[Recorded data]
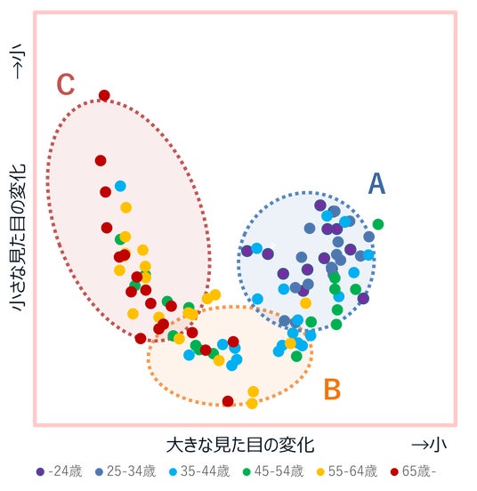 以上の結果より、肌の見た目の経年変化は、量と質が異なる3つのグループに分けられ、各グループの平均年齢の境界となる40歳前後と、50代半ばに肌の見た目の変化の様子が変わる2つの「曲がり角」があることが明らかになりました。
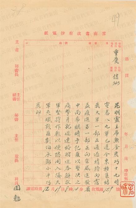 原标题:云南省档案局(馆)授权发布 解放云南档案(三)云南解放:翻开历史新篇章
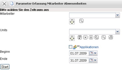 Im Beispiel wird die Anwesenheitserfassung für alle Mitarbeiter der Unit Entwicklung für den Zeitraum 01.07.2009 bis 31.07.2009 geöffnet.
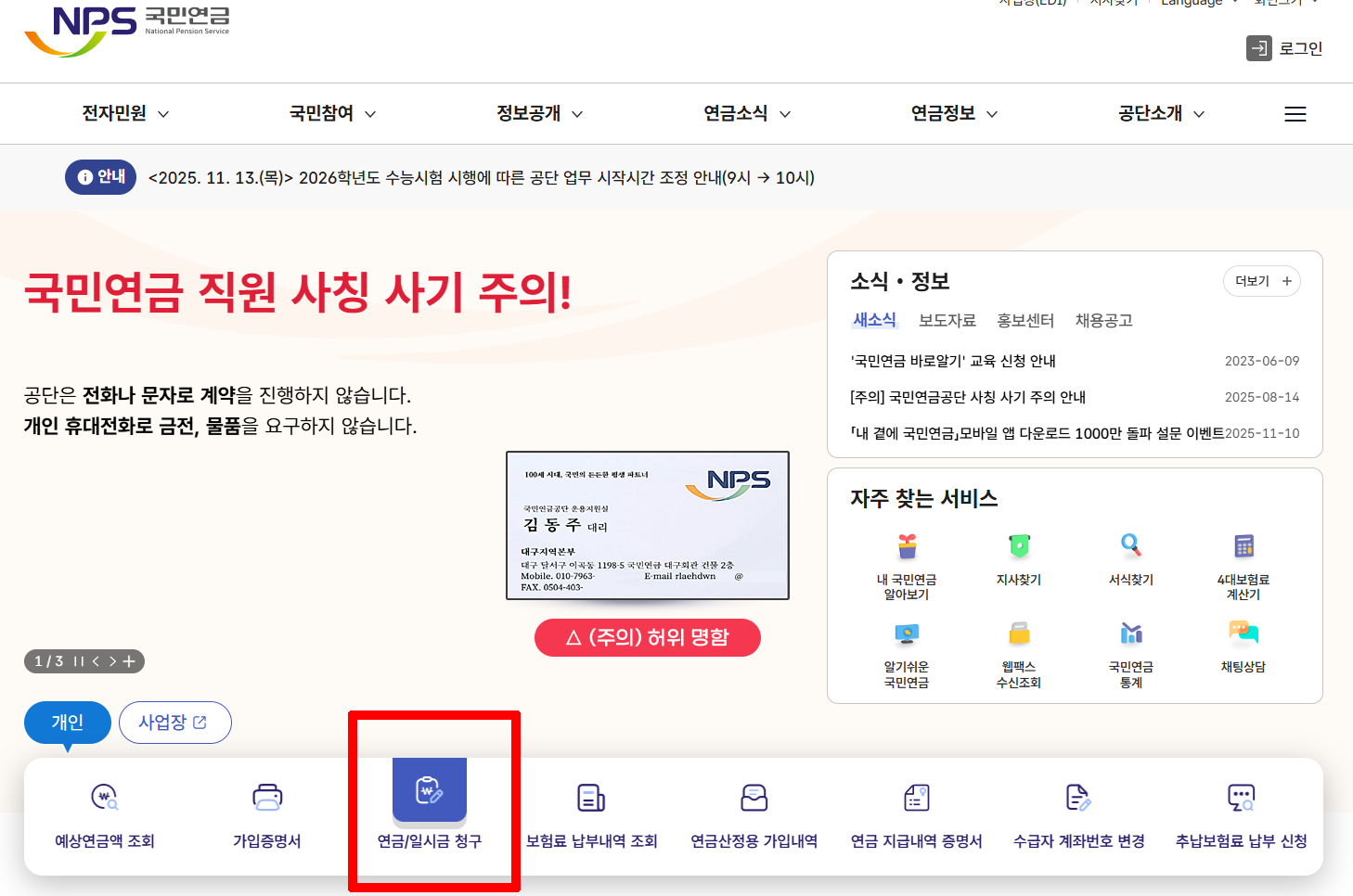 문의전화: ☎1355 (국민연금공단 고객센터)
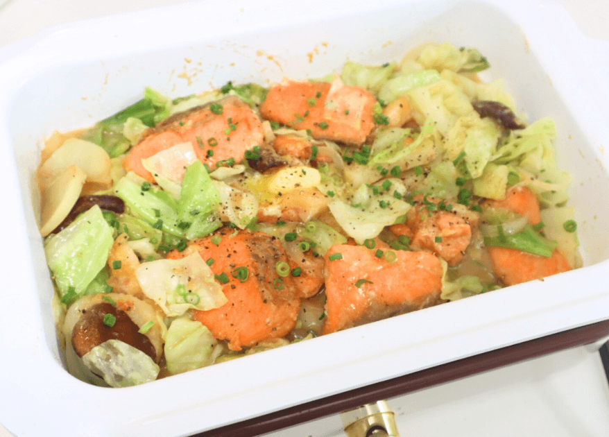 今回作るのは、日本テレビ『キユーピー3分クッキング』で料理研究家・大原千鶴さんが紹介した、ホットプレートで作る「秋鮭のちゃんちゃん焼き」。
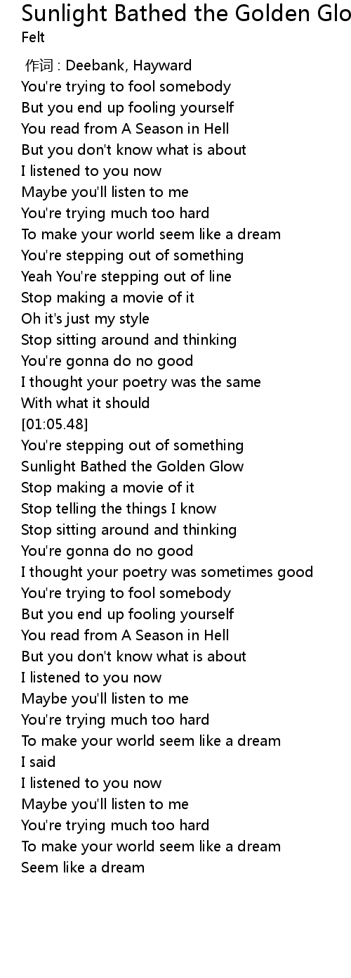 | [01:33.43] | Sunlight Bathed the Golden Glow |
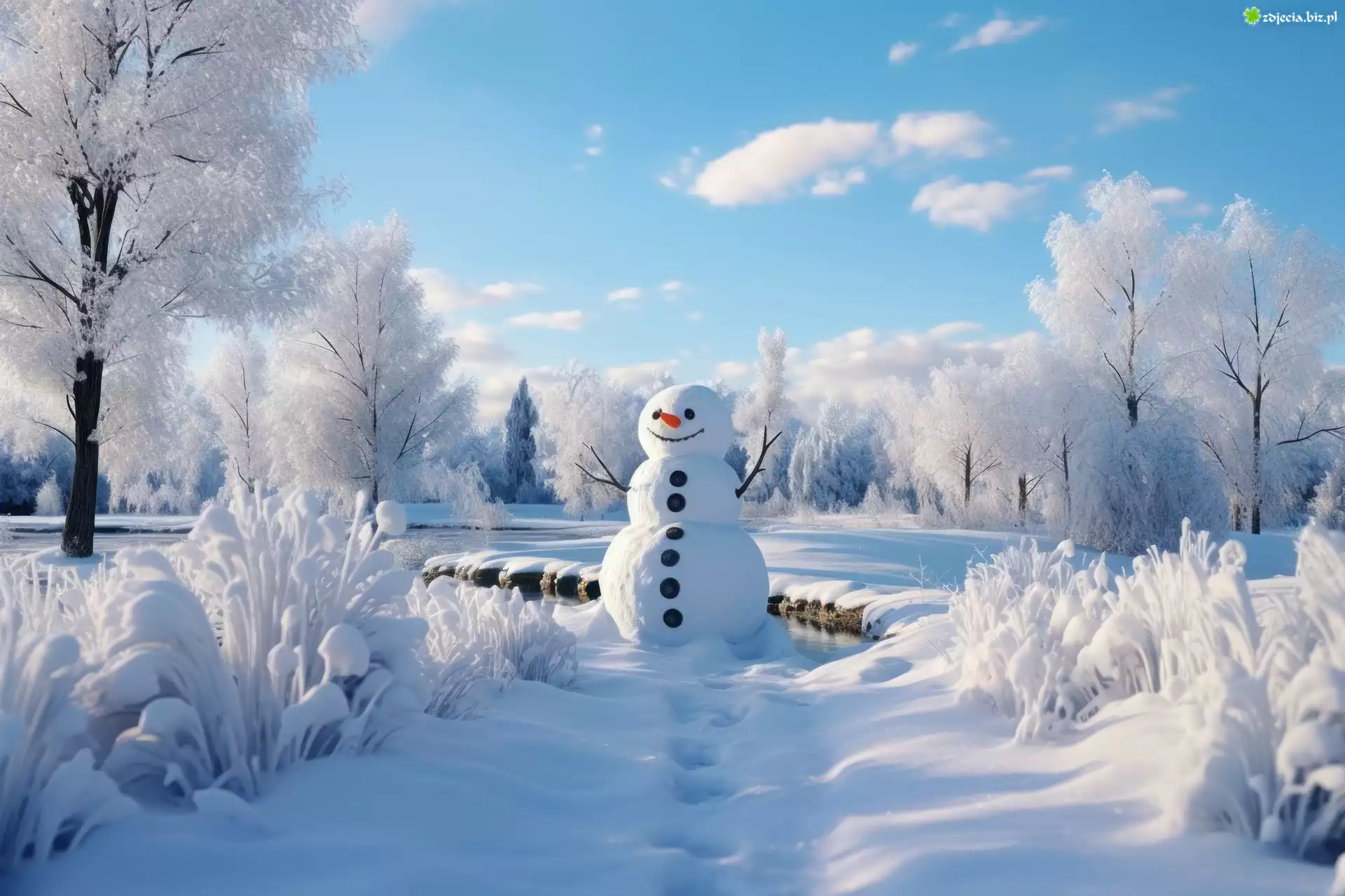 Zdjęcie Zima, Bałwan, Oszronione, Rośliny, Drzewa, Grafika
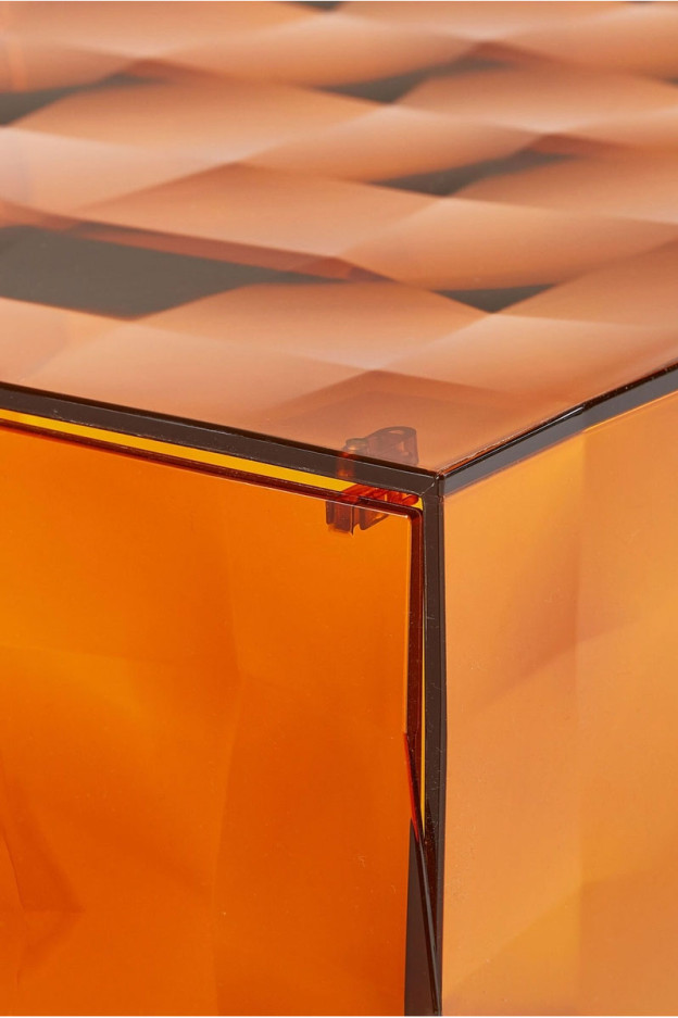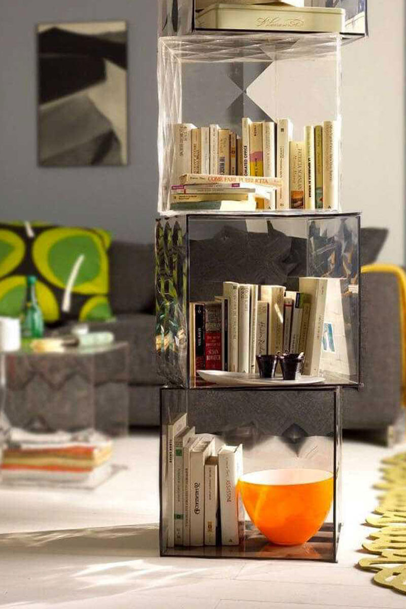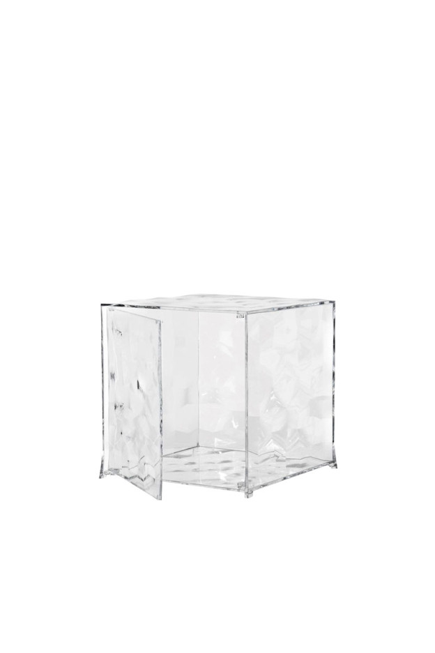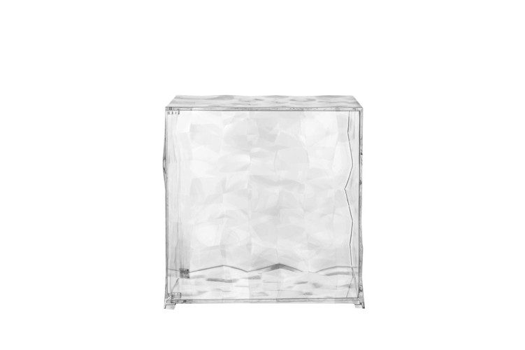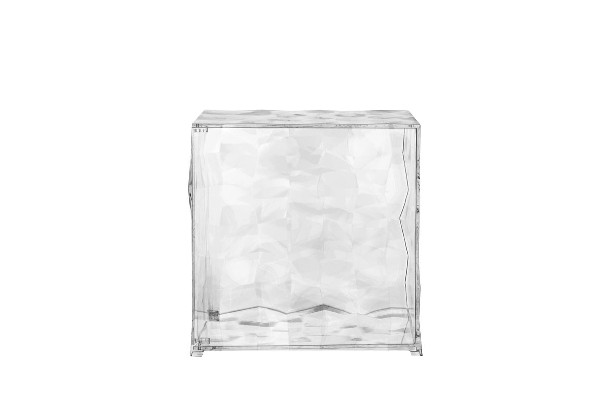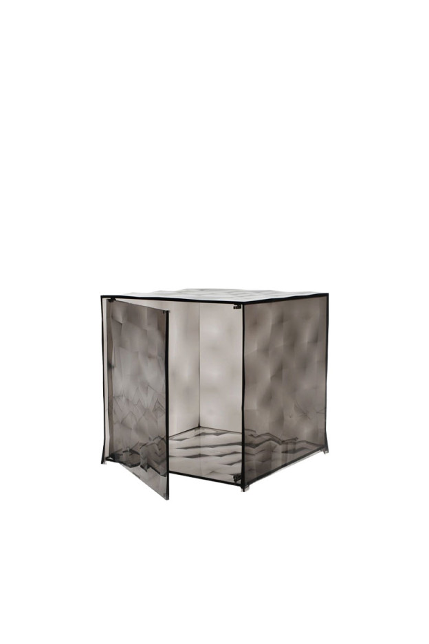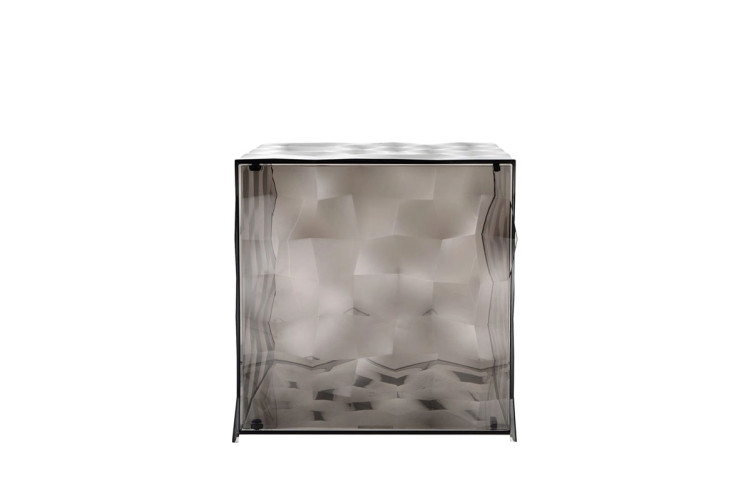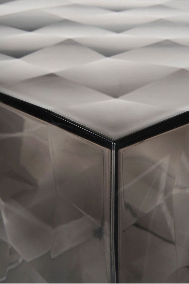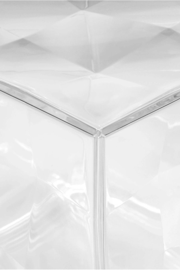 Optic es un cubo contenedor de polimetacrilato de metilo disponible en dos versiones, cerrado con puerta o con una cara abierta, la superficie está decorada con pirámides de base cuadrada ligeramente en relieve que, con la superficie de espejo o transparente, crean un efecto óptico de gran impacto. Optic ofrece infinitas posibilidades de combinación. Se pueden combinar varios Optic unos sobre otros o en una composición lineal y según la cantidad y la disposición se prestan a desempeñar las más variadas funciones regalando al ambiente un gran toque de encanto.

### Exercise
Although the records contain pictures, only their text should be repeated, exactly as it appears.

### Your solution
 以上の結果より、肌の見た目の経年変化は、量と質が異なる3つのグループに分けられ、各グループの平均年齢の境界となる40歳前後と、50代半ばに肌の見た目の変化の様子が変わる2つの「曲がり角」があることが明らかになりました。
 原标题:云南省档案局(馆)授权发布 解放云南档案(三)云南解放:翻开历史新篇章
 Im Beispiel wird die Anwesenheitserfassung für alle Mitarbeiter der Unit Entwicklung für den Zeitraum 01.07.2009 bis 31.07.2009 geöffnet.
 문의전화: ☎1355 (국민연금공단 고객센터)
 今回作るのは、日本テレビ『キユーピー3分クッキング』で料理研究家・大原千鶴さんが紹介した、ホットプレートで作る「秋鮭のちゃんちゃん焼き」。
 | [01:33.43] | Sunlight Bathed the Golden Glow |
 Zdjęcie Zima, Bałwan, Oszronione, Rośliny, Drzewa, Grafika
 Optic es un cubo contenedor de polimetacrilato de metilo disponible en dos versiones, cerrado con puerta o con una cara abierta, la superficie está decorada con pirámides de base cuadrada ligeramente en relieve que, con la superficie de espejo o transparente, crean un efecto óptico de gran impacto. Optic ofrece infinitas posibilidades de combinación. Se pueden combinar varios Optic unos sobre otros o en una composición lineal y según la cantidad y la disposición se prestan a desempeñar las más variadas funciones regalando al ambiente un gran toque de encanto.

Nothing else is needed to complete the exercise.